*Your objective*:
The answer must consist solely of the lines from the start of the records through the line containing "Black FitBit One", restated word for word, with no pictures.

[Stored items]

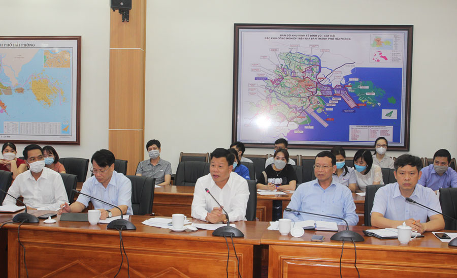 Đồng chí Lê Trung Kiên, Ủy viên Ban Thường vụ Thành ủy, Trưởng Ban Quản lý Khu Kinh tế Hải Phòng chủ trì Hội nghị. Dự Hội nghị có đại diện lãnh đạo huyện Cát Hải.
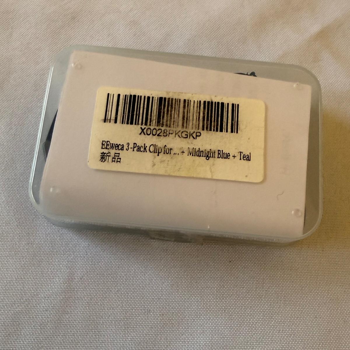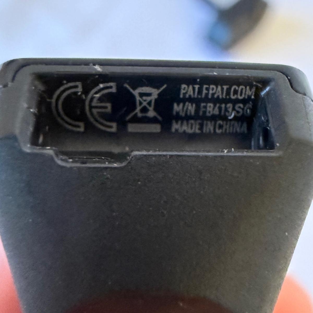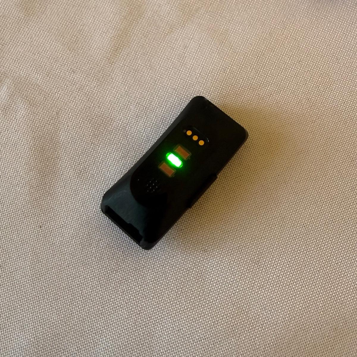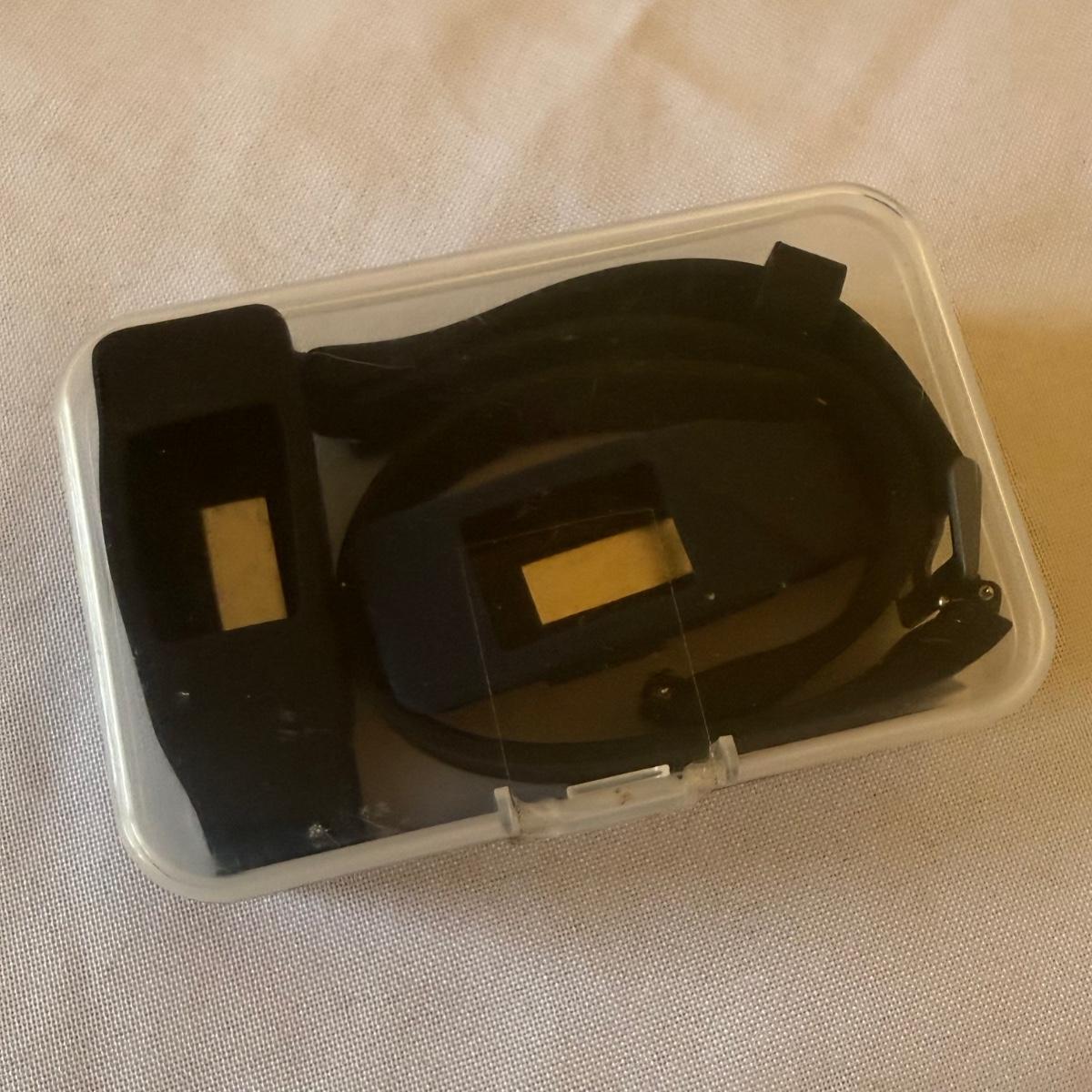 Black FitBit One comes in its original box. Included are its charge cord, clip, wristband, plus an extra unopened box with two clips and a watch band. Fitbit charged and powered on.
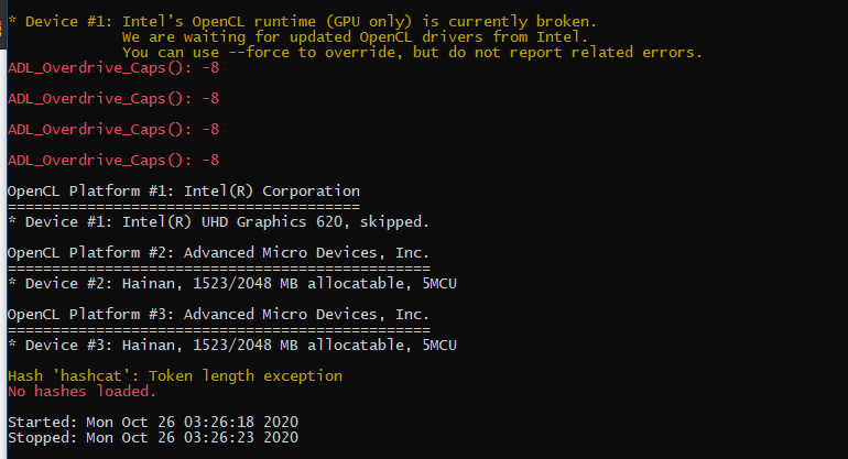 hashcat64.exe hashcat -m0 -a0 crackme.txt password.txt设备#1:英特尔的OpenCL运行时(仅GPU)目前已损坏。我们正在等待英特尔更新的OpenCL驱动程序。
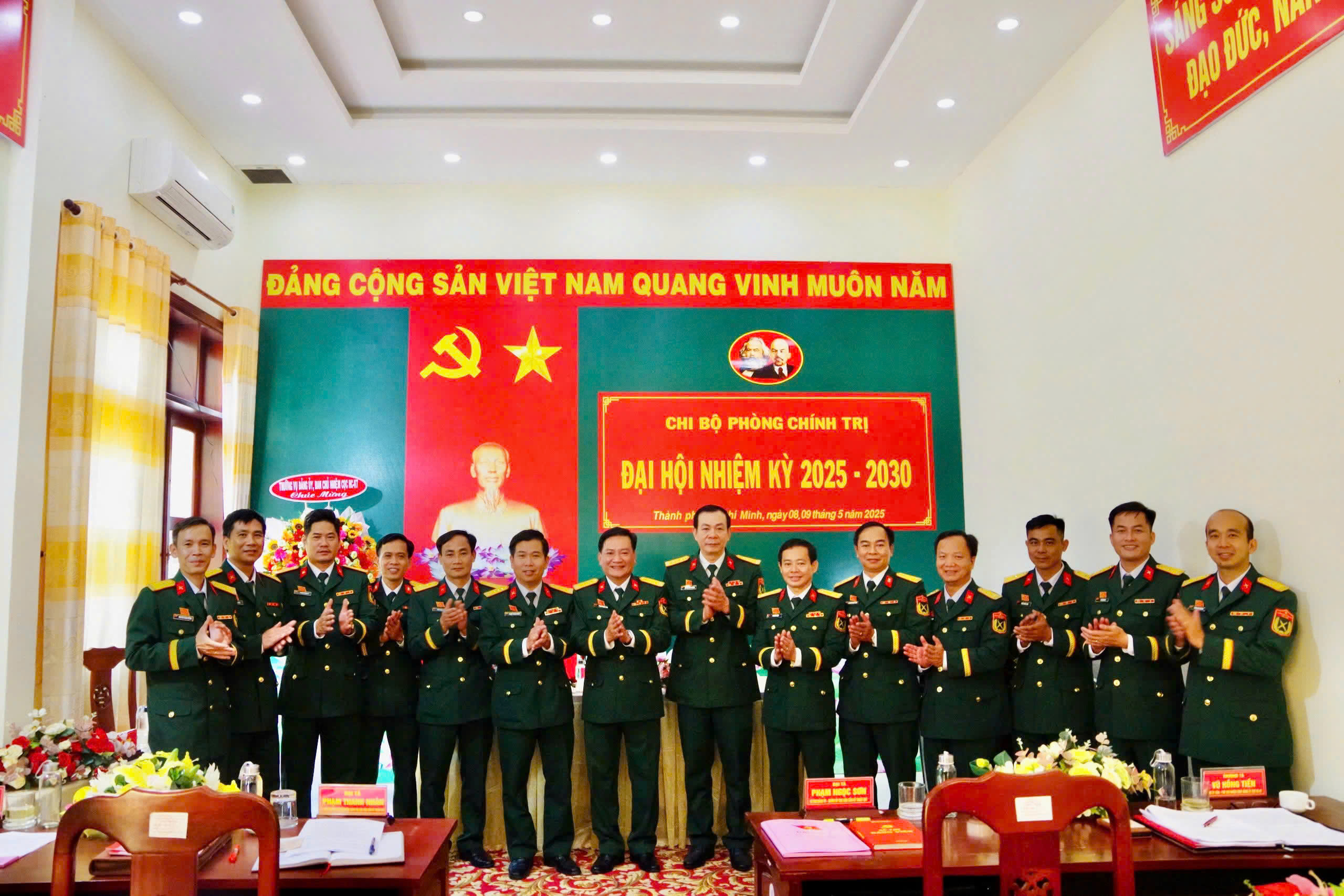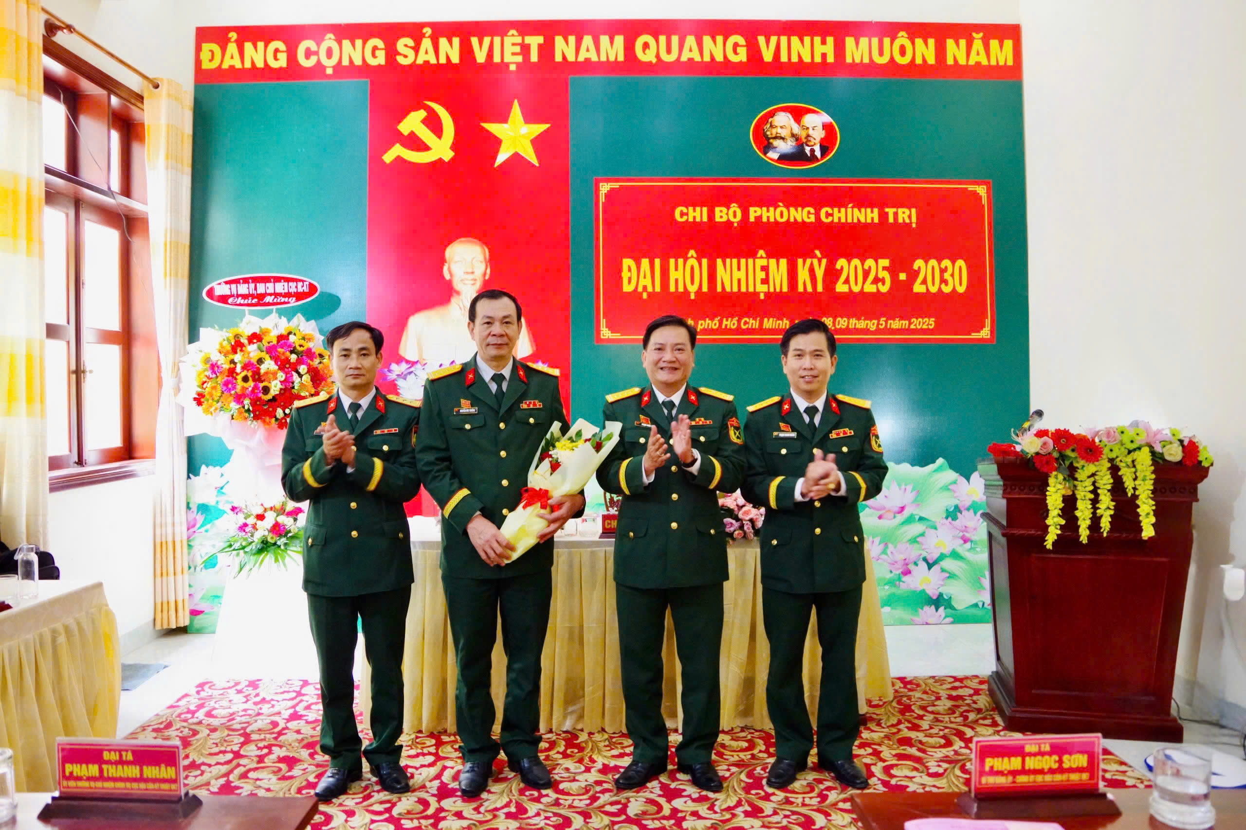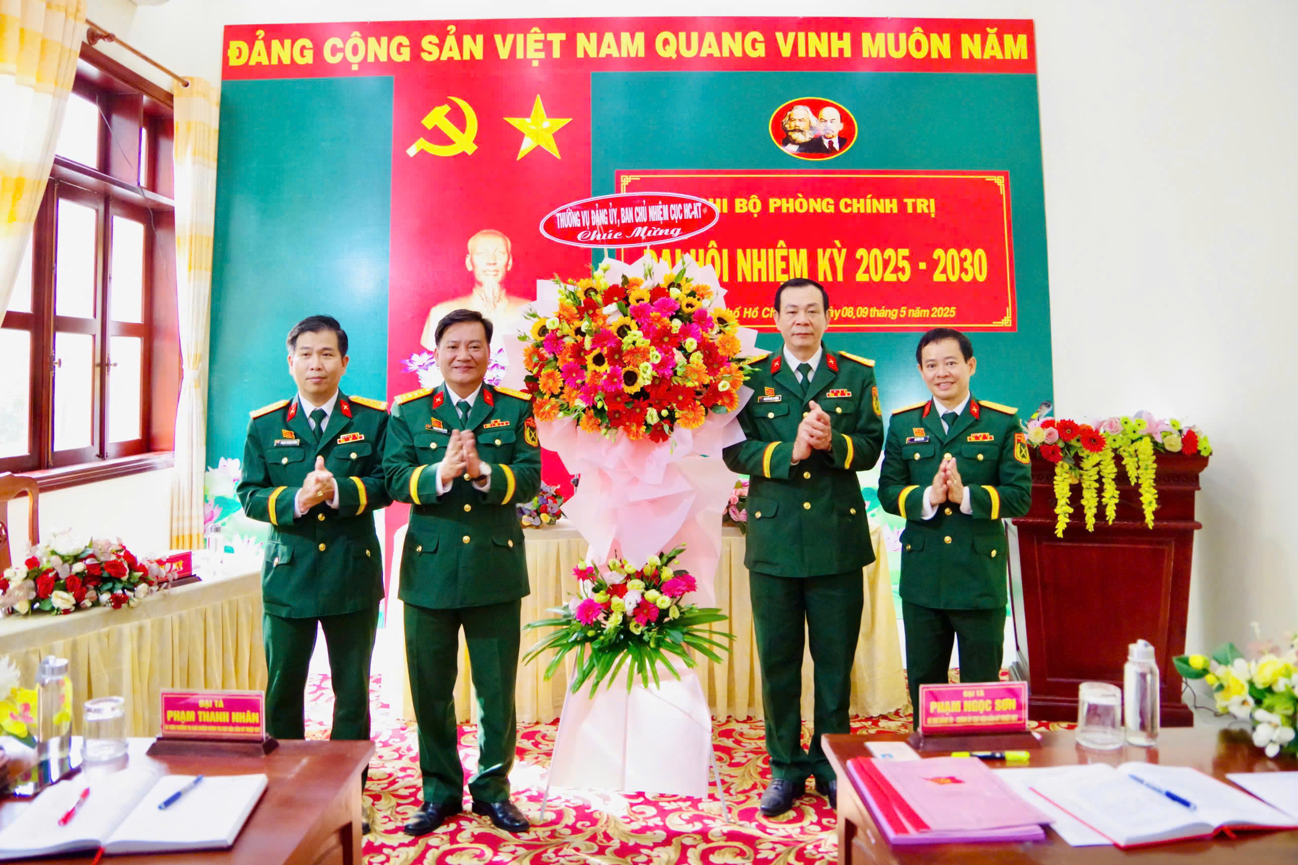 Đại tá Phạm Ngọc Sơn tặng hoa chúc mừng Ban chấp hành Chi bộ Phòng Chính trị nhiệm kỳ 2025 - 2030.
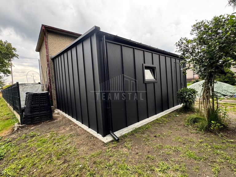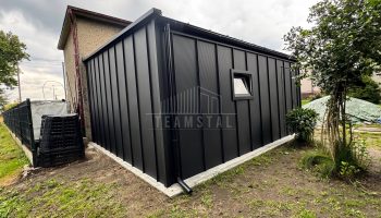 - dach : spad w lewo kolor : czarny blacha na rąbek
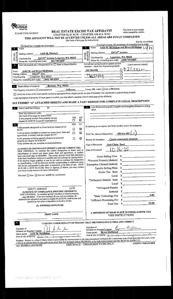 | Mailing Address: | 305 49TH ST PORT TOWNSEND, WA 98368-2001 | % Ownership: | 100.0000000000% |

*Response to the exercise*:
 Đồng chí Lê Trung Kiên, Ủy viên Ban Thường vụ Thành ủy, Trưởng Ban Quản lý Khu Kinh tế Hải Phòng chủ trì Hội nghị. Dự Hội nghị có đại diện lãnh đạo huyện Cát Hải.
 Black FitBit One comes in its original box. Included are its charge cord, clip, wristband, plus an extra unopened box with two clips and a watch band. Fitbit charged and powered on.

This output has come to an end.